Data records
··········
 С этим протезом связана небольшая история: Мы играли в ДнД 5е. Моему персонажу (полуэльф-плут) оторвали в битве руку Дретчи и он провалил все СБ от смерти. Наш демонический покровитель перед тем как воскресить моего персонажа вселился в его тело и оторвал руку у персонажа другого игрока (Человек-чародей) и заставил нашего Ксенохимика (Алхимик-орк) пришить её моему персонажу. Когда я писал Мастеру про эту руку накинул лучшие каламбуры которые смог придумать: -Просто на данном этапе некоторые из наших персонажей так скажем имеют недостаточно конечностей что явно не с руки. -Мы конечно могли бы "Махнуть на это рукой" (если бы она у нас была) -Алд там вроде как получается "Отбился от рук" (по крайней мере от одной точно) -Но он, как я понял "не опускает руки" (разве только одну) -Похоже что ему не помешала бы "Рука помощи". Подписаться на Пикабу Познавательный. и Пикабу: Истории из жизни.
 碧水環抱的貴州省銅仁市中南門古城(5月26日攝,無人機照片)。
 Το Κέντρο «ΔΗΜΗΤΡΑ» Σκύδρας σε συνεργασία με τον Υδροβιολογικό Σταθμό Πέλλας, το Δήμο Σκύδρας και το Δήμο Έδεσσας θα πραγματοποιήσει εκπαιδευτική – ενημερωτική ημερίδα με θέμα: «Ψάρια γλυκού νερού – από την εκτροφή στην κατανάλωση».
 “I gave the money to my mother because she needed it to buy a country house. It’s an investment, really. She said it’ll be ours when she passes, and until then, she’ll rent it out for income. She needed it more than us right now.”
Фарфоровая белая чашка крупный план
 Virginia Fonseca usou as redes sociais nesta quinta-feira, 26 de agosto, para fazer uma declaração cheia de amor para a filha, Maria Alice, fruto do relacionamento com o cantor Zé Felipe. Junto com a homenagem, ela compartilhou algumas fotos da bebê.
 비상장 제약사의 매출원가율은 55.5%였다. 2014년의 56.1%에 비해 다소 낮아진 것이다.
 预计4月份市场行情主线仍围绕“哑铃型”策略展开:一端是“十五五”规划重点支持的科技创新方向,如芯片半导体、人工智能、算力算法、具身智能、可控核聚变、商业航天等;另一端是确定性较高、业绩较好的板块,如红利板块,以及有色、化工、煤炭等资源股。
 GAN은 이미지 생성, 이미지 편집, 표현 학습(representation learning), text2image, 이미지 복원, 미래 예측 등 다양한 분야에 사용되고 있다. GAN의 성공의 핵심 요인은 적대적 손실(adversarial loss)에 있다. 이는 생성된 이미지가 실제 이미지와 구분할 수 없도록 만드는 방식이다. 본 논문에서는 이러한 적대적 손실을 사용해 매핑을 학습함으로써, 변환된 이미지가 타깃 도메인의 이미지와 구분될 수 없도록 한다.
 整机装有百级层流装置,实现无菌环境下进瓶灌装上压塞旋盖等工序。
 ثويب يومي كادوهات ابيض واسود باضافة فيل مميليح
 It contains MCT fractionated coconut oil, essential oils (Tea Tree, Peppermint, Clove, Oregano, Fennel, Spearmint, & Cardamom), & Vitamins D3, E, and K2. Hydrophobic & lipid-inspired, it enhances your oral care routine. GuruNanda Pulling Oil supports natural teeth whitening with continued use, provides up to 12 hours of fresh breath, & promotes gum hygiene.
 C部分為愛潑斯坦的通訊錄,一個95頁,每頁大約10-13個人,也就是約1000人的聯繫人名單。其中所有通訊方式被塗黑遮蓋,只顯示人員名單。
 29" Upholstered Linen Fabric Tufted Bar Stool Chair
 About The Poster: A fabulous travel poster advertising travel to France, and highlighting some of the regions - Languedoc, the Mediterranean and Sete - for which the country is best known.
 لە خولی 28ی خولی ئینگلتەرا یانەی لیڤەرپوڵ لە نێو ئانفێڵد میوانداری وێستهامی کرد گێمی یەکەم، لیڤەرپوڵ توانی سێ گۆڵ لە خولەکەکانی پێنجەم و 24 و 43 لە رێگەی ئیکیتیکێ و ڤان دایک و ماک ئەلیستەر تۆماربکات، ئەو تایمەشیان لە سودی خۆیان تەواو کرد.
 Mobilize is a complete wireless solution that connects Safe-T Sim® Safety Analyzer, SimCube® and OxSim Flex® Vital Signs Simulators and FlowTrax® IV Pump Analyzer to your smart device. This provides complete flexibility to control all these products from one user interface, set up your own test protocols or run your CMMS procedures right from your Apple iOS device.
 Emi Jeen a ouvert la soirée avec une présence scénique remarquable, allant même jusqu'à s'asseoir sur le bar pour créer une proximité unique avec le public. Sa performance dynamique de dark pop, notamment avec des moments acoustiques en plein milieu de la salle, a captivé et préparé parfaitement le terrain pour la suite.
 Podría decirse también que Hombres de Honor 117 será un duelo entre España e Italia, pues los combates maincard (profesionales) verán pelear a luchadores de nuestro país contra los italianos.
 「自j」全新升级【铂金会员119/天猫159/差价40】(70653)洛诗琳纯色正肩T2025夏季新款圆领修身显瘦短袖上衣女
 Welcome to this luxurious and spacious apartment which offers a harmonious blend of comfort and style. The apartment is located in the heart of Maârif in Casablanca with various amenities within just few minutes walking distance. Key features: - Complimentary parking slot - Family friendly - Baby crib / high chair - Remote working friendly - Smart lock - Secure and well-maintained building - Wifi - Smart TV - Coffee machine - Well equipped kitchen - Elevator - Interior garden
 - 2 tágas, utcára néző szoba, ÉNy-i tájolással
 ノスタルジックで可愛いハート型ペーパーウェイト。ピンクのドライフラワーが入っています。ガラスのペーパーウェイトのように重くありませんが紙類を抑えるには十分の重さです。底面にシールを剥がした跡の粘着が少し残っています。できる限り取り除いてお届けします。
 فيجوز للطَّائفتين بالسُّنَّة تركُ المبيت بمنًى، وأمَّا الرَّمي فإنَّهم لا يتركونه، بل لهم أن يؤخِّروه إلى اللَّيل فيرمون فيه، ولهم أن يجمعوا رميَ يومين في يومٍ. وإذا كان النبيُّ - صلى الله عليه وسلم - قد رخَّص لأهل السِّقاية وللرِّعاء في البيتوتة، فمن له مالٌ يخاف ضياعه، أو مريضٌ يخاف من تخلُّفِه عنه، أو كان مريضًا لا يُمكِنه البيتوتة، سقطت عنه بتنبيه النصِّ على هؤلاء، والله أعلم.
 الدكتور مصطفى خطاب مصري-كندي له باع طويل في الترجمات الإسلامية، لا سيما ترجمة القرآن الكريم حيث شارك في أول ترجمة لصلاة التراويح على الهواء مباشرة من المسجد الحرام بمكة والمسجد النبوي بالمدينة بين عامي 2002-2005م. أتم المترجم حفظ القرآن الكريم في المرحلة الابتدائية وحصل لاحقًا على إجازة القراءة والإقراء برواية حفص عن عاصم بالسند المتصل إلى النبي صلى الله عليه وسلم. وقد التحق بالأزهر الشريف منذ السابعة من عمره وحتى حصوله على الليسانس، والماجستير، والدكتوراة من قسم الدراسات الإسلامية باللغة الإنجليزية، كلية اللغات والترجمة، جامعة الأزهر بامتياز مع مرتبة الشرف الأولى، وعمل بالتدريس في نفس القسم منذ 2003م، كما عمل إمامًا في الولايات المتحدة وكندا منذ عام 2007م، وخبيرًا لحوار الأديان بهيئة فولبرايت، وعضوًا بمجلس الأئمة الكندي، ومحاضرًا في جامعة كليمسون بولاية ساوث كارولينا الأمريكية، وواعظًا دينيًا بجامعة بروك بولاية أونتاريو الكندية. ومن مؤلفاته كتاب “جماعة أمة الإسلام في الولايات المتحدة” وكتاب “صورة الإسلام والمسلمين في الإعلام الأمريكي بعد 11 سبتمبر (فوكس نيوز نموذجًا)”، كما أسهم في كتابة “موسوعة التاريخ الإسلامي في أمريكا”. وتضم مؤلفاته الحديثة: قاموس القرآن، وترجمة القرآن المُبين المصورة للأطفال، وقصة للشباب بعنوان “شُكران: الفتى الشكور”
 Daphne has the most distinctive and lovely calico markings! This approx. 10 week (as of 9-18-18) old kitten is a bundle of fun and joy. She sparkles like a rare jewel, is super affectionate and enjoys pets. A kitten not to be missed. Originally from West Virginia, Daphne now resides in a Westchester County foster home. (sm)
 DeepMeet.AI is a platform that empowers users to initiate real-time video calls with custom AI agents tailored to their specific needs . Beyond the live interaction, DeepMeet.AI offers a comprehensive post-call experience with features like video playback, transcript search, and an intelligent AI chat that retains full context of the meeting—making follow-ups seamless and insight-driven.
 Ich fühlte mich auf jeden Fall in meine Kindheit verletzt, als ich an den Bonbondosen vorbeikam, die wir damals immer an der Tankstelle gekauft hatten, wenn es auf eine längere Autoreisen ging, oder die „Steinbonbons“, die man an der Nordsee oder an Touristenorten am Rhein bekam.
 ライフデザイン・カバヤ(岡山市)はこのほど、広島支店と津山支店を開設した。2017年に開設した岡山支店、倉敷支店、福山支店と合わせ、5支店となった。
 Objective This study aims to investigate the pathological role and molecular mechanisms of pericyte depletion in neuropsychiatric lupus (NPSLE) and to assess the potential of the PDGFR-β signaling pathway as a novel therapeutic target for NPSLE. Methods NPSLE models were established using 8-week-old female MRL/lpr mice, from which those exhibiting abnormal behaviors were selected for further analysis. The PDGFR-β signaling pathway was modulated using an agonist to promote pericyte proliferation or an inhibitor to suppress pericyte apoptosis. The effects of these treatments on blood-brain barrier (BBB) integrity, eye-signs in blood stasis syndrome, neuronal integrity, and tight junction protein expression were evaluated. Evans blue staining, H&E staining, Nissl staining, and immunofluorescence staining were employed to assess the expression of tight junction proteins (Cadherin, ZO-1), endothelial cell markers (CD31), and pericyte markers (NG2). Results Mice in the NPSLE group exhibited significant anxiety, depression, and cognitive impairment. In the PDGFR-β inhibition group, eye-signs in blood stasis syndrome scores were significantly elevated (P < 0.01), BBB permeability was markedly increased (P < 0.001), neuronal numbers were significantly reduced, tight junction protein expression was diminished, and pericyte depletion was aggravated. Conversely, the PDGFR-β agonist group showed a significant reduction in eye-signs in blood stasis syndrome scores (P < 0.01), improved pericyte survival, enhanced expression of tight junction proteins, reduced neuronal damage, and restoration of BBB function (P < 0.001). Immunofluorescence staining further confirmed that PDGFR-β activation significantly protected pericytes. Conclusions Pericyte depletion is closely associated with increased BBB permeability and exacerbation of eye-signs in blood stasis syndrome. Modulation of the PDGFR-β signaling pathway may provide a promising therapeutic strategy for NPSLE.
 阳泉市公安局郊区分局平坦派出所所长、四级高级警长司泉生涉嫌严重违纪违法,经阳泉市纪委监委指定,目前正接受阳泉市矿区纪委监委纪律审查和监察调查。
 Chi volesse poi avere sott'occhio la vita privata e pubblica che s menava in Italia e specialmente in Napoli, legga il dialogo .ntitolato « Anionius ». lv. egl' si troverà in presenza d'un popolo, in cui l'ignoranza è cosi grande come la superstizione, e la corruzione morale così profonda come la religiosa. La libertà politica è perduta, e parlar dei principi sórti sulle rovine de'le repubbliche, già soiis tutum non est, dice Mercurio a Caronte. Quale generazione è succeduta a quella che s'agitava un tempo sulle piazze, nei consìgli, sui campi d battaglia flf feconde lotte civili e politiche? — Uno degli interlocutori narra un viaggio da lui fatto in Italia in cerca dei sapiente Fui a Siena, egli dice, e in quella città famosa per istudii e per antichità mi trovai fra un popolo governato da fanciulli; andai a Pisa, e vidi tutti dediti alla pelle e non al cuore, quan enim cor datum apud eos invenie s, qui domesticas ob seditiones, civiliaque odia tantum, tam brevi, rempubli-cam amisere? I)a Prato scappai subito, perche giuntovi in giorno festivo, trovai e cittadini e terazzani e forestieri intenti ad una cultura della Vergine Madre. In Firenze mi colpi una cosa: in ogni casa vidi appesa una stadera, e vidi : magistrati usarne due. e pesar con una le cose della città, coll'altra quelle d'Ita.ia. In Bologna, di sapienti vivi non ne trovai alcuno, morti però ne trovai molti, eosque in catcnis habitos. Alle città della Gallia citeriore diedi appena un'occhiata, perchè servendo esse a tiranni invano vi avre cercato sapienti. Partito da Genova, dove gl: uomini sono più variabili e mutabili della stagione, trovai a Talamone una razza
··········
| What the exercise asks |
After identifying the lines above that contain "country", copy each one.

| Answer space |
 “I gave the money to my mother because she needed it to buy a country house. It’s an investment, really. She said it’ll be ours when she passes, and until then, she’ll rent it out for income. She needed it more than us right now.”
 About The Poster: A fabulous travel poster advertising travel to France, and highlighting some of the regions - Languedoc, the Mediterranean and Sete - for which the country is best known.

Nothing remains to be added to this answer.